Thanks for looking into this! I backported your patch in attachment 61882 [details] to 2.6.39.1 like:
diff --git a/kernel/rcutiny.c b/kernel/rcutiny.c
index 0c343b9..ebfa4bf 100644
--- a/kernel/rcutiny.c
+++ b/kernel/rcutiny.c
@@ -213,11 +213,20 @@ static int rcu_kthread(void *arg)
*/
static void invoke_rcu_kthread(void)
{
+ static unsigned long oldjiffies;
+ static unsigned long invokecount;
unsigned long flags;
local_irq_save(flags);
have_rcu_kthread_work = 1;
wake_up(&rcu_kthread_wq);
+ invokecount++;
+ if (UINT_CMP_GE(jiffies, oldjiffies + 10 * HZ)) {
+ printk(KERN_ALERT "invoke_rcu_kthread(): %lu invocations/s",
+ invokecount / 10);
+ oldjiffies = jiffies;
+ invokecount = 0;
+ }
local_irq_restore(flags);
}
Hope it's acceptable.

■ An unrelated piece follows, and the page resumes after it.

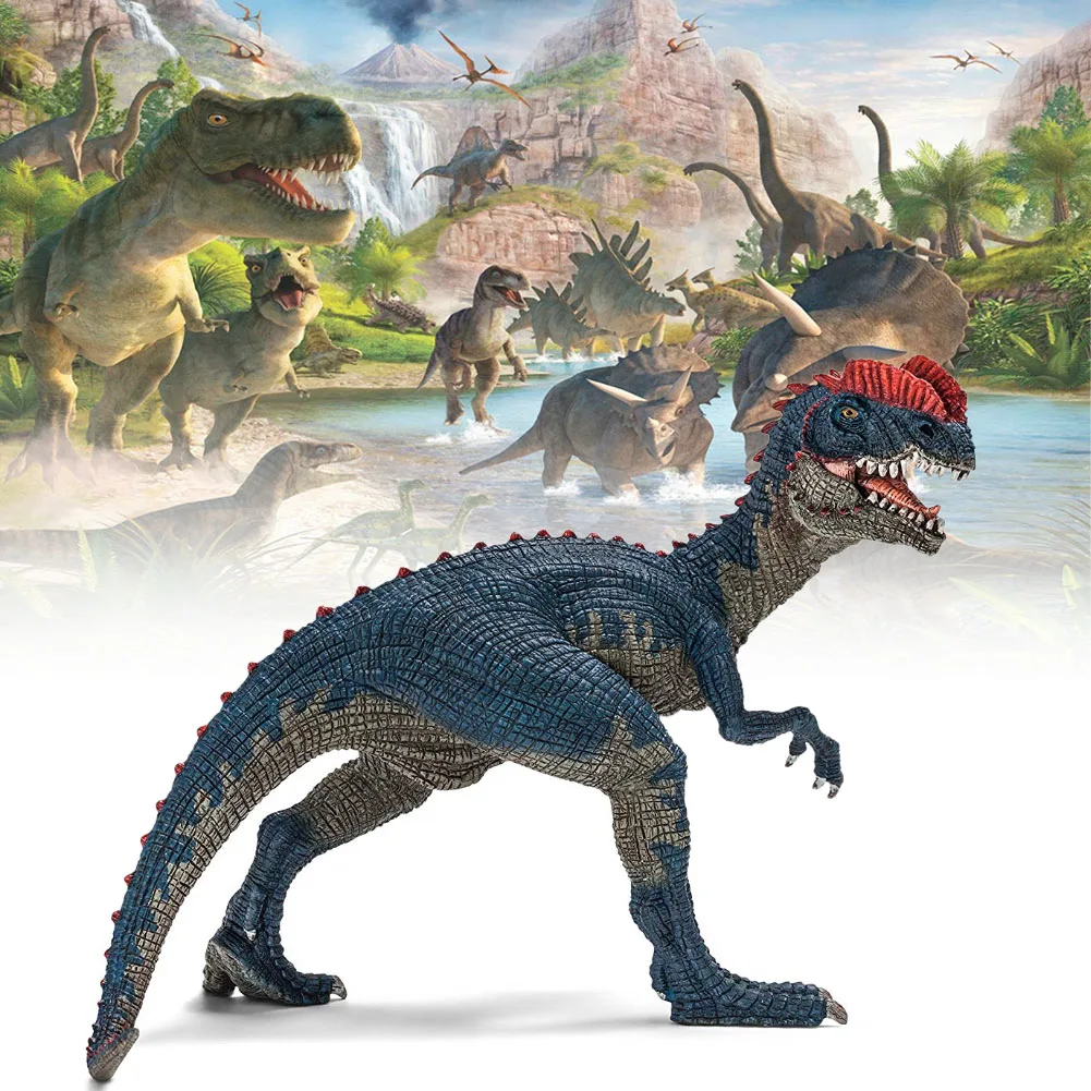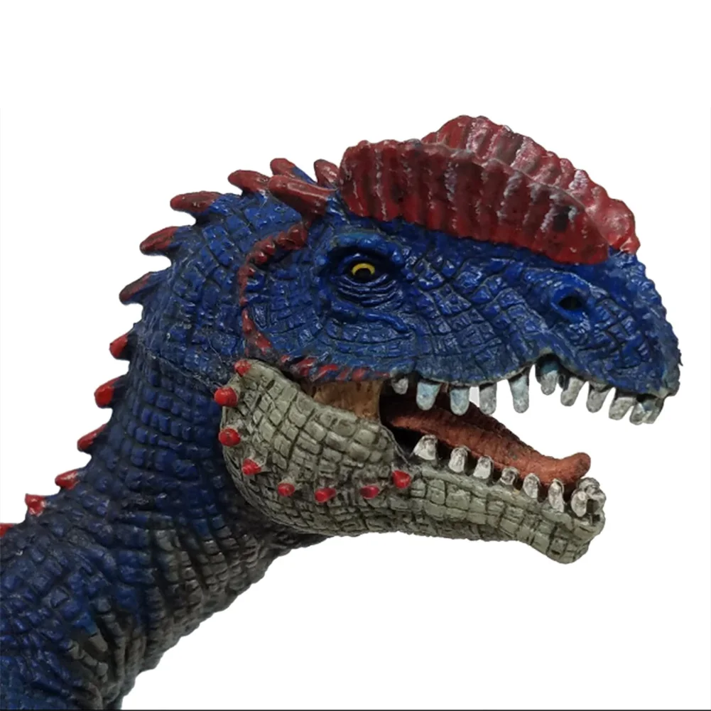 После компсогната и Велоцираптора дилофозавр был одним из самых быстрых ящериц в истории. Несмотря на высоту 6 метров и вес всего 500 кг, ноги длинные и мощные, что позволяет легко достичь скорости 38 километров в час. На черепе есть два ярких костного гребня, что делает его известным как двукоронная ящерица. Они большие и длинные, но слишком тонкие, чтобы защитить себя. Ученые думают, что они привыкли произвести впечатление на своих конкурентов.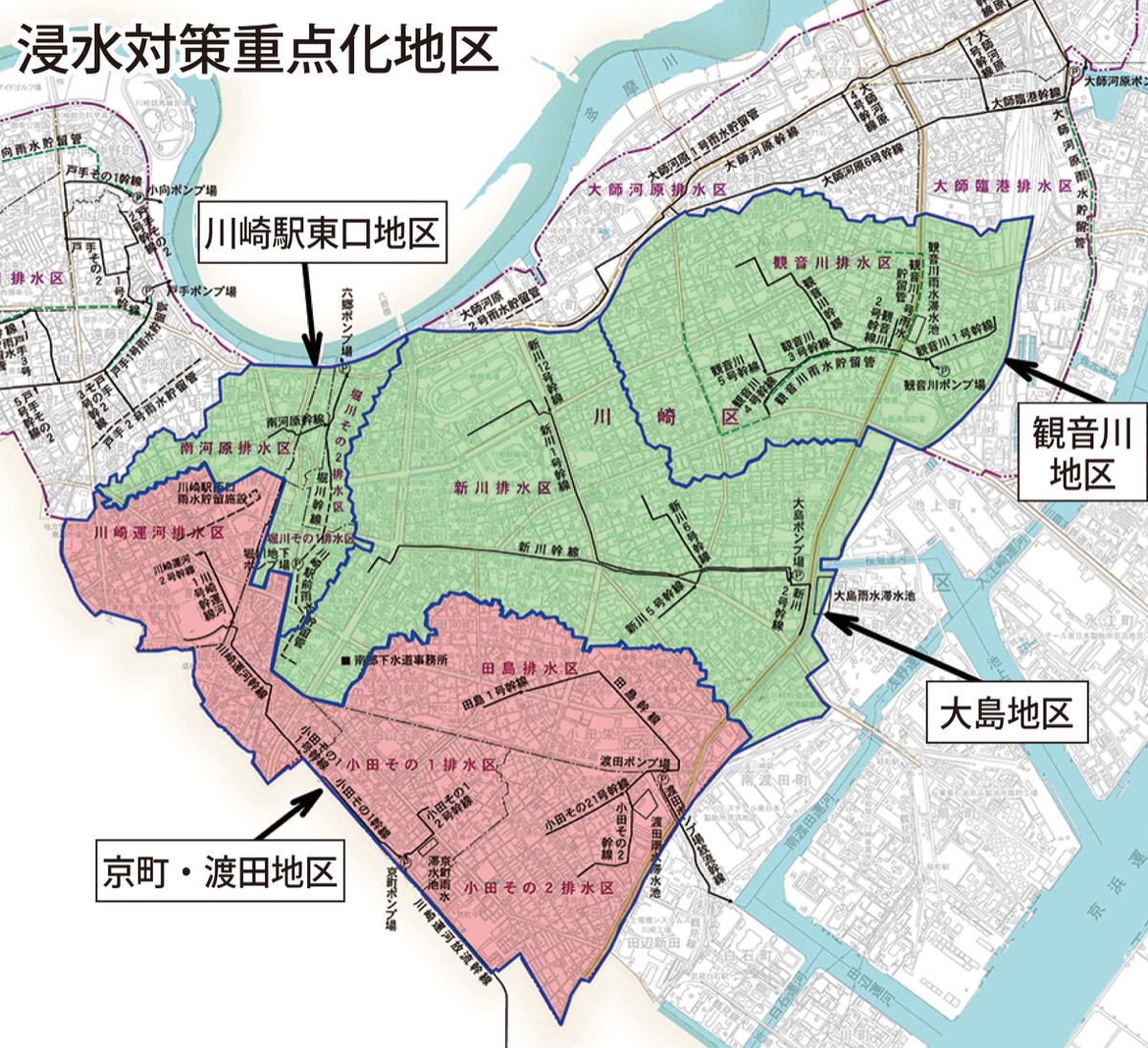 浸水対策は、近年の局地的豪雨による水害の深刻化を受けて市が取り組んでいるものです。2017年度に公表した中期計画では浸水対策重点地区を指定。川崎区では「京町・渡田地区」「川崎駅東口周辺地区」「大島地区」「観音川地区」の4地区が重点化地区となりました。

Booting with it shows the following:
wferi@szonett:~$ dmesg|fgrep rcu
[ 310.523674] invoke_rcu_kthread(): 959 invocations/s
[ 321.496407] invoke_rcu_kthread(): 7 invocations/s
[ 333.496689] invoke_rcu_kthread(): 1 invocations/s
[ 343.508377] invoke_rcu_kthread(): 1 invocations/s
[ 353.912314] invoke_rcu_kthread(): 2 invocations/s
[ 363.943577] invoke_rcu_kthread(): 2 invocations/s
[ 373.944206] invoke_rcu_kthread(): 1 invocations/s
[ 383.944860] invoke_rcu_kthread(): 2 invocations/s
[ 393.945506] invoke_rcu_kthread(): 1 invocations/s
[ 403.946143] invoke_rcu_kthread(): 1 invocations/s
[ 413.946796] invoke_rcu_kthread(): 1 invocations/s
[ 423.947459] invoke_rcu_kthread(): 2 invocations/s
[ 433.948121] invoke_rcu_kthread(): 1 invocations/s
[ 443.948690] invoke_rcu_kthread(): 14 invocations/s
[ 453.949253] invoke_rcu_kthread(): 36 invocations/s
[ 463.949801] invoke_rcu_kthread(): 23 invocations/s
[ 473.950289] invoke_rcu_kthread(): 63 invocations/s
[ 483.950788] invoke_rcu_kthread(): 49 invocations/s
[ 493.951303] invoke_rcu_kthread(): 23 invocations/s
[ 503.952004] invoke_rcu_kthread(): 12 invocations/s
[ 513.952603] invoke_rcu_kthread(): 10 invocations/s
[ 523.953099] invoke_rcu_kthread(): 20 invocations/s
[ 533.953716] invoke_rcu_kthread(): 17 invocations/s
[ 543.954314] invoke_rcu_kthread(): 21 invocations/s
[ 553.954789] invoke_rcu_kthread(): 15 invocations/s
[ 563.955380] invoke_rcu_kthread(): 3 invocations/s
[ 573.955967] invoke_rcu_kthread(): 10 invocations/s
[ 583.955423] invoke_rcu_kthread(): 23 invocations/s
[ 593.956965] invoke_rcu_kthread(): 10 invocations/s
[ 603.957667] invoke_rcu_kthread(): 2 invocations/s
[ 613.958251] invoke_rcu_kthread(): 2 invocations/s
[ 623.958932] invoke_rcu_kthread(): 2 invocations/s
[ 633.959554] invoke_rcu_kthread(): 2 invocations/s
[ 643.960229] invoke_rcu_kthread(): 1 invocations/s
[ 653.960806] invoke_rcu_kthread(): 2 invocations/s
[ 663.961514] invoke_rcu_kthread(): 2 invocations/s
[ 673.962195] invoke_rcu_kthread(): 1 invocations/s
[ 683.962732] invoke_rcu_kthread(): 26 invocations/s
[ 693.963290] invoke_rcu_kthread(): 9 invocations/s
[ 703.963999] invoke_rcu_kthread(): 2 invocations/s
[ 713.964699] invoke_rcu_kthread(): 1 invocations/s
[ 723.965283] invoke_rcu_kthread(): 1 invocations/s
[ 733.965950] invoke_rcu_kthread(): 1 invocations/s
I wonder why it took 5 minutes for the first message to appear...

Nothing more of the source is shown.